Given an array, its prefix array is an array of same size such that i^{th} element of prefix array is the sum of all elements of given array till it's i^{th} element that is **prefix_array[i] = array[0] + arrat[1] + ... + array[i]**

It is used for applications like:

- Find sum of all elements in a given range
- Find product of all elements in a given range
- Find maximum subarray sum
- Find maximum subarray sum modulo m
- Maximum subarray such that sum is less than some number

and many others

**Prefix array** is majorly used to find **sum of elements in an interval** or in Kadane's algorithm. These problems can be answered in **linear time**. Prefix sum array, however, can only be used if array elements do not change.

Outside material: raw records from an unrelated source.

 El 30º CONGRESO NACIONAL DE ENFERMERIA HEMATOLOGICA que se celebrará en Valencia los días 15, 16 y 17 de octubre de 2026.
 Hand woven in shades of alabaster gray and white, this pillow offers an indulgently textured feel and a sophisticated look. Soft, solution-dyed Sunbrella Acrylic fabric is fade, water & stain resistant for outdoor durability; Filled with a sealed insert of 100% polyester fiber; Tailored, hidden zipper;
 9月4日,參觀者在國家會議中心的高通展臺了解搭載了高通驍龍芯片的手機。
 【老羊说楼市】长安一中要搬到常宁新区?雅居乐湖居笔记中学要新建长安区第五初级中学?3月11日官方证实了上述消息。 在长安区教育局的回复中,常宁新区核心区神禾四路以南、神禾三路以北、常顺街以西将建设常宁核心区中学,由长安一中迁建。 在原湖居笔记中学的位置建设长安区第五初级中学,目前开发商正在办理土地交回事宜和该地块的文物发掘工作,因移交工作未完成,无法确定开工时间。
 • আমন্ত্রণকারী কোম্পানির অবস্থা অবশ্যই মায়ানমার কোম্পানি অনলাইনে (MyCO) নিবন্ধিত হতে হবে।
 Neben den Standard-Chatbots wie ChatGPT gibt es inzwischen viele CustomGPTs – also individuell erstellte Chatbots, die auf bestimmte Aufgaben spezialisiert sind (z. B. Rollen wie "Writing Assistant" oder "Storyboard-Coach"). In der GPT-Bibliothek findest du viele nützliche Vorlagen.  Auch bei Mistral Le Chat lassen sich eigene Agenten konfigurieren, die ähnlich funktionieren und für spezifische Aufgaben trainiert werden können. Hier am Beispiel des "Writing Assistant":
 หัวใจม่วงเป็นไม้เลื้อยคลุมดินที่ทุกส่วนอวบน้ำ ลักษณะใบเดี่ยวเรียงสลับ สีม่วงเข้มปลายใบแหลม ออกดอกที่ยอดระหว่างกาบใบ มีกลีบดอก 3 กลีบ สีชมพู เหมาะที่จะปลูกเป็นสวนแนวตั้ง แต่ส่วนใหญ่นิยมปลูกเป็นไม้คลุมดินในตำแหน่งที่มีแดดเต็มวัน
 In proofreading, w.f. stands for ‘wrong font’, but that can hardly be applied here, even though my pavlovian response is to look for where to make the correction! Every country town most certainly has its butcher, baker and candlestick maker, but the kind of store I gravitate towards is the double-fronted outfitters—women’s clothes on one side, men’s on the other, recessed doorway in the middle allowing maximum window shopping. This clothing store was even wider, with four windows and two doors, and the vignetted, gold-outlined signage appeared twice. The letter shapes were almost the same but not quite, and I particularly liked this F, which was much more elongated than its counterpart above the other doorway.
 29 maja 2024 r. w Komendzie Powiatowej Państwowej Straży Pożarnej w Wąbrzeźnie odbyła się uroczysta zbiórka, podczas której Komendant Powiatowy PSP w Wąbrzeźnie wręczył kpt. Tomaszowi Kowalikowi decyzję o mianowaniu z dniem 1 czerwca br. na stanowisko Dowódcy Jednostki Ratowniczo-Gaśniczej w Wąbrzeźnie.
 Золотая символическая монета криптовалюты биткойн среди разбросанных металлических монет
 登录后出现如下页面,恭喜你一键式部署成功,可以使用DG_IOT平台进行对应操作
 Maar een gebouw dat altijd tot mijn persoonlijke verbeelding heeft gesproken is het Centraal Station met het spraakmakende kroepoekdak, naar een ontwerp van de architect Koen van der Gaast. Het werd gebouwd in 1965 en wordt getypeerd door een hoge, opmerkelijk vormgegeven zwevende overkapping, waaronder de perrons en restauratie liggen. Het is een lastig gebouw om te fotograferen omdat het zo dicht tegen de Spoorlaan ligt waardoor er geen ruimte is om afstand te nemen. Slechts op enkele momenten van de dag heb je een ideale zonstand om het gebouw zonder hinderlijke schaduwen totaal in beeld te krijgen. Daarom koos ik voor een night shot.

Otherwise prefix array will have to be built with each change.

### Pseudocode

#### Building the prefix array

```
function build(array[]):
n = array.length
prefix_array = {0, 0 ...n times... 0}
prefix_array[0] = array[0]
for i = 1 to n:
prefix_array[i] = ar[i] + prefix_array[i - 1]
return prefix_array
```

#### To find sum of elements in an interval

```
function rangeSum(L, R):
if L == 0:
return prefix_array[R]
else:
return (prefix_array[R] - prefix_array[L - 1])
```

#### To find subarray with maximum sum

This algorithm is also called Kadane's algorithm That involves a modification in building algorithm. The algorithm below returns the max possible contiguous subarray sum.

```
function build(array[]):
n = array.length
prefix_array = {0, 0 ...n times... 0}
prefix_array[0] = array[0]
for i = 1 to n:
prefix_array[i] = ar[i] + prefix_array[i - 1]
# modification here
if prefix_array[i] < 0:
prefix_array[i] = 0
return prefix_array[n - 1]
```

### Complexity

The time and space complexity of Prefix Sum array are as follows:

**Space complexity** : **O(n)**

Worst case time complexities

**Build**:**O(n)****Range sum query**:**O(1)**

Where n is the length of array.

### Implementations

Code in C++ 11:

```
* Prefix sum tree to find sum of a given range
*/
#include <iostream>
#include <vector>
std::vector<int> build(const std::vector<int> &array){
int n = array.size();
std::vector<int> prefix_array(n, 0);
prefix_array[0] = array[0];
for(int i = 1; i < n; ++i)
prefix_array[i] = array[i] + prefix_array[i - 1];
return prefix_array;
}
int rangeSum(const std::vector<int> &prefix_array, int L, int R){
if(L == 0)
return prefix_array[R];
else
return (prefix_array[R] - prefix_array[L - 1]);
}
int main() {
std::vector<int> ar = {1, 2, 3, 4, 5};
std::cout << "Array is\n";
for(int i = 0; i < 5; ++i)
std::cout << ar[i] << ' ';
std::cout << '\n';
std::vector<int> prefix_array = build(ar);
std::cout << "Sum of elements in interval [0, 3] = "
<< rangeSum(prefix_array, 0, 3) << '\n';
return 0;
}
```

### Applications

The applications of Prefix Sum array are:

- Used to answer range-sum-query, range-xor-query etc.
- Used to find subarray with max sum.
- Used to find subarray with sum closest to given number.
- Used to find equal length and equal sum subarrays of 2 arrays.

### References/ Further reading

- Prefix sum tree can be extended to 2D to answer submatrix sum query.